Saturday, December 05, 2009

Kenya - Sunday morning at Sweetwater

We had decided the previous evening to forgo another game drive for a two-hour wander around the grounds of the camp, a decision that we didn’t regret. We woke before dawn to get ourselves sorted out for breakfast and some early birding. I sat by the front zip to our ‘luxury’ tent and opened it gently to see a small Southern Black Flycatcher that was moving around the entrance feeding on insects, it was too dark to take pictures but I really enjoyed sitting no more than two to three feet from the bird while it hunted and fed.

Before we even made it the restaurant for breakfast we got reacquainted with some of yesterday’s birds, including the Northern White-crowned Shrike right outside our tent. Our first new species was present in large numbers amongst a large flock of hirundines, namely Lesser Striped Swallows:














Other hirundines seen but not photographed included Little Swift, Common House Martin, Red-rumped Swallow, Barn Swallow and White-rumped Swift.

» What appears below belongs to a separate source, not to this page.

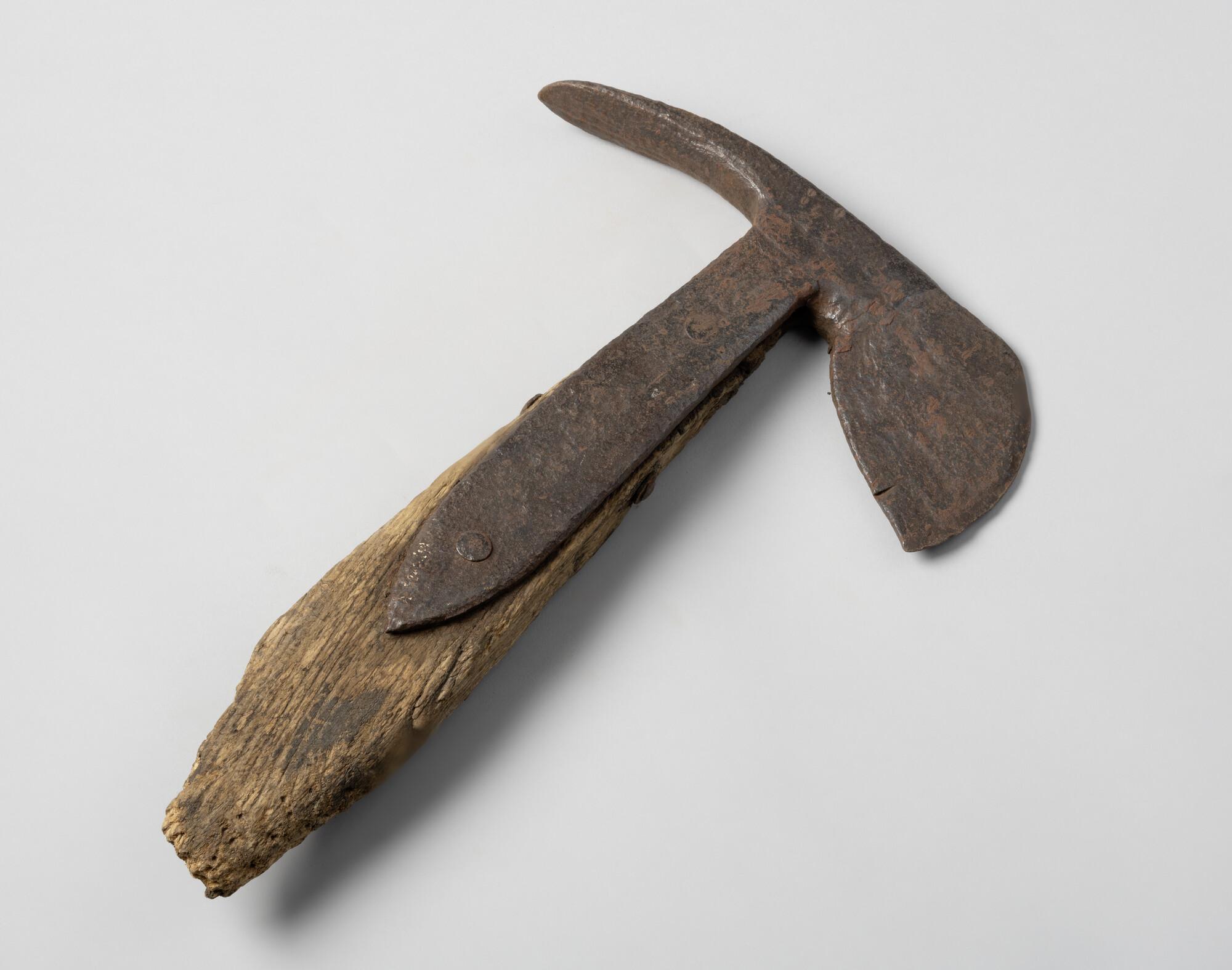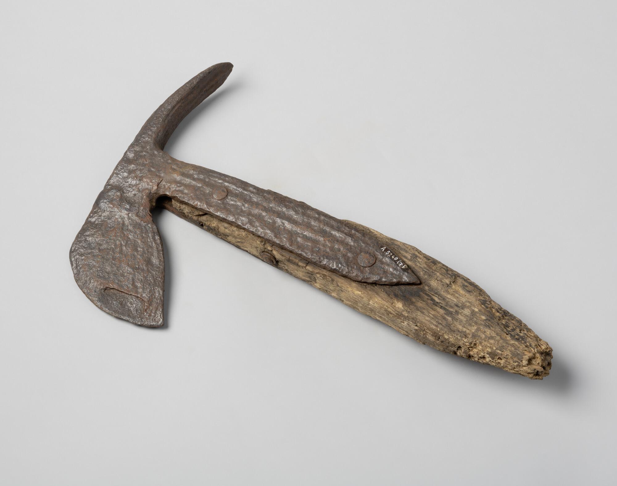 Hakbijl met essen steel-fragment. Geen merken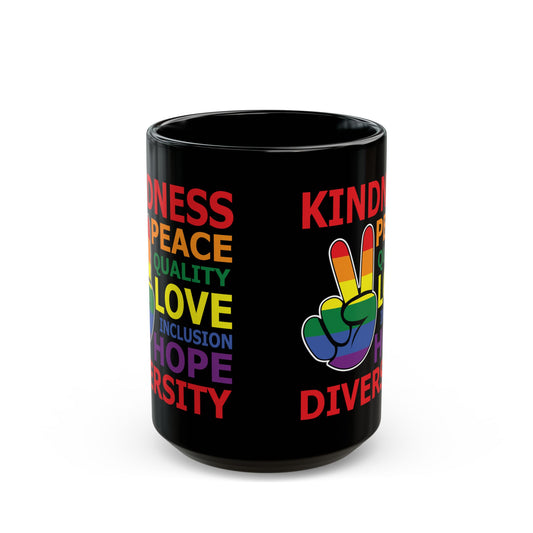 Kindness Peace Equality Love Inclusion Hope Driversity Black Mug (11oz, 15oz)

Breakfast was briefly disturbed by photographing this Sacred Ibis outside the window of the restaurant:














After breakfast we finished getting cleaned up then started birding our way around the campsite. First-up a Yellow Wagtail:

















Beautiful in the morning sunlight. Outside the lodge itself, a Northern Crombec, though I only managed to photograph it mostly obscured; it called as it moved around within the cover of the tree. No tail at all either, which was unusual and helpful in sorting out what kind of bird it was:
















By the watering hole we were starting to discount the various birds we were familiar with to spot those we didn’t know when a large bird of prey swooped in to settle on a tree, I think it is another Tawny Eagle:

















Helen spotted this one first and snapped it with our ‘scenery’ camera, a Lilac-breasted Roller:
















This next bird, when I first saw it, put me in mind of a Babbler. Looking at it later on it also reminds me, to some degree of Bearded Reedlings, I believe it to be a Rufous Chatterer, an ally species of the Babblers:













Still mostly within ten yards of our tent entrance, a Red-headed Weaver:


















We caught up again with the bird from first thing in the morning, a Southern Black Flycatcher:













Yet another new species, a Black-headed Batis, though this one was in cover so the record shots I have are blurry, whereas the Red-eyed Dove was mostly obscured by foliage and the Red-billed Firefinch was in deep shade. Tricky thing this recording new bird species business.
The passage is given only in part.